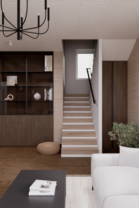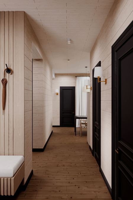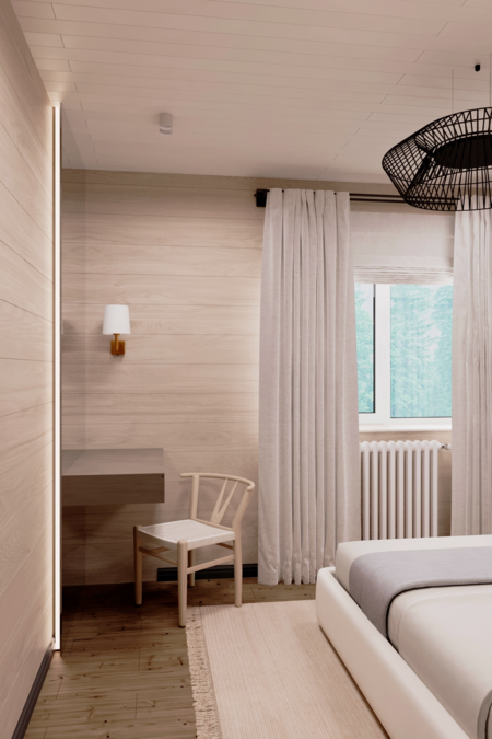 Главной задачей проекта являлось создание интерьеров загородного дома в Щелково для непостоянного проживания, интерьеры которого были вдохновлены обычной дачной отделкой, но с нотами современного минимализма и аккуратности. В отделке должны были использоваться преимущественно натуральные материалы, что поддерживало бы задачу интерьера — обеспечивать отдых и разгрузку своих обитателей от нервной жизни в центре каменных джунглей.
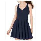 B DARLIN $59 MSRP Womens Fit + Flare Above The Knee Dress Navy Cut Out Sleeveless V Neck Juniors 11\12 |
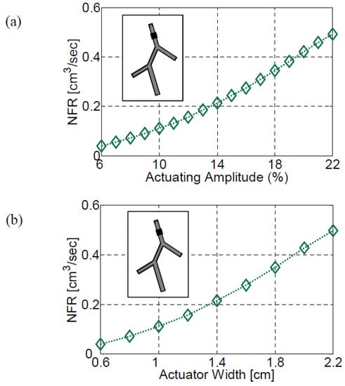 - Rosenfeld, M.; Avrahami, I. Net flow rate generation by a multi-pincher impedance pump. Comput. Fluids 2010, 39, 1634–1643. [Google Scholar] [CrossRef]
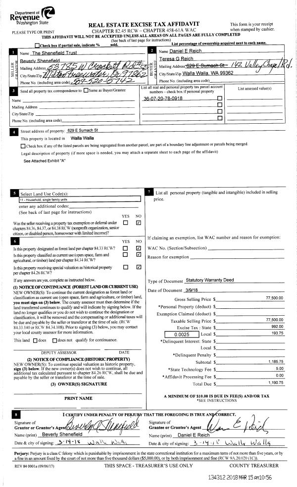 | 3 | 03/15/2018 | SWD | STATUTORY WARRANTY DEED | SHENEFIELD TRUST | REICH DANNY E & TERESA G | | | $77,500.00 | 134312 | 2018-02013 |
• • • •
Your goal: Where a picture appears, skip it; repeat everything else in the data exactly.

Result for this exercise:
 Главной задачей проекта являлось создание интерьеров загородного дома в Щелково для непостоянного проживания, интерьеры которого были вдохновлены обычной дачной отделкой, но с нотами современного минимализма и аккуратности. В отделке должны были использоваться преимущественно натуральные материалы, что поддерживало бы задачу интерьера — обеспечивать отдых и разгрузку своих обитателей от нервной жизни в центре каменных джунглей.
 B DARLIN $59 MSRP Womens Fit + Flare Above The Knee Dress Navy Cut Out Sleeveless V Neck Juniors 11\12 |
 - Rosenfeld, M.; Avrahami, I. Net flow rate generation by a multi-pincher impedance pump. Comput. Fluids 2010, 39, 1634–1643. [Google Scholar] [CrossRef]
 | 3 | 03/15/2018 | SWD | STATUTORY WARRANTY DEED | SHENEFIELD TRUST | REICH DANNY E & TERESA G | | | $77,500.00 | 134312 | 2018-02013 |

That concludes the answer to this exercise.